Il faudrait vérifier, je n’ai pas eu envie de le faire, je cite au tamis de la mémoire : c’est au tout début du Plaisir du texte, je crois, que Roland Barthes imagine un personnage qui, dans la rue, mélangerait tous les langages, écouterait tout le monde, endosserait toutes les opinions en même temps sans redouter la contradiction, et les reproduirait à son tour sur tous les tons et sur tous les modes, sans souci de la logique ou de la cohérence ; un personnage qui se laisserait, au fond, non seulement traverser mais envahir par tous les bruits et les conversations qui lui arrivent par hasard – eh bien, ce personnage altéré, dont on pourrait bientôt dire qu’il est fou à lier, qu’il faut l’interner, ce personnage, c’est le lecteur – au sens le plus noble du terme.

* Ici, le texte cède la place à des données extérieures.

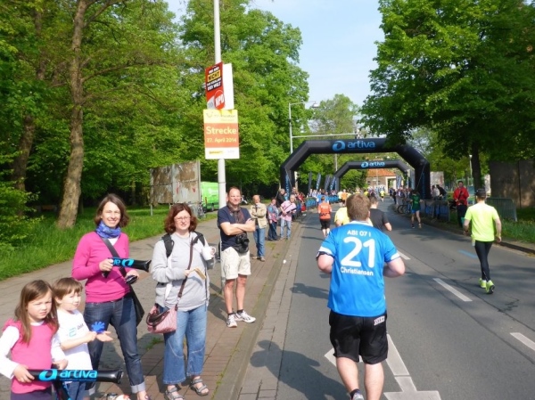 Meine gestrige Harzquerung muss wohl der letzte Gedanke vor dem Einschlafen gewesen sein. Den Ultra spüre ich beim Aufstehen jedenfalls noch immer in den Beinen. Aber gleich so ein fieser Traum? Hatte ich das Ziel, an diesem Wochenende meinen ersten Doppeldecker zu laufen, doch zu hoch gesteckt? Ich gehe ins Bad, drehe das Radio auf, packe meine Siebensachen. Dann verabschiede ich mich von Frau und Töchterchen, denn in wenigen Stunden fällt der Startschuss für den 24. Hannover-Marathon 2014, der größten Laufveranstaltung Niedersachsens. Später würde ich erfahren, das über 18000 Läufer dabei gewesen sind – so viele wie noch nie, Teilnehmerrekord!

Pour peu qu’il soit en accord avec eux – un accord qui n’est pas de l’ordre de l’idéologie, mais un accord au sens musical du terme, qui renvoie au rythme, à la respiration, à la « colonne d’air » comme disent les chanteurs, cette fameuse colonne d’air qui anime nos échanges – pour peu qu’il soit donc, non pas forcément en empathie, mais en accord avec eux, le lecteur peut passer indifféremment des textes si intelligemment révolutionnaires du jeune Marx aux écrits si puissamment réactionnaires de Joseph de Maistre et les faire siens d’une manière comparable, passer d’un roman guerrier de Céline à une fiction rêvée d’Hélène Cixous et les faire siens durant le temps qu’il les lit, puisque les lettres s’animent sous ses yeux comme les notes d’une partition sous les yeux de l’interprète et que « ça » lui parle. Dans un deuxième temps seulement, la nécessité de prendre une distance critique pourra s’imposer – à moins d’avoir lu, évidemment, avec le souci dialectique d’opposer son discours, sa pensée, son opinion à celui dont on pense qu’il cherche avant tout à convaincre, mais cela ce n’est déjà plus tout à fait la lecture qu’appelle le roman, la lecture en tant qu’elle est un geste artistique, la poursuite et la réalisation d’un échange initié par l’auteur : en tant qu’elle est une expérience.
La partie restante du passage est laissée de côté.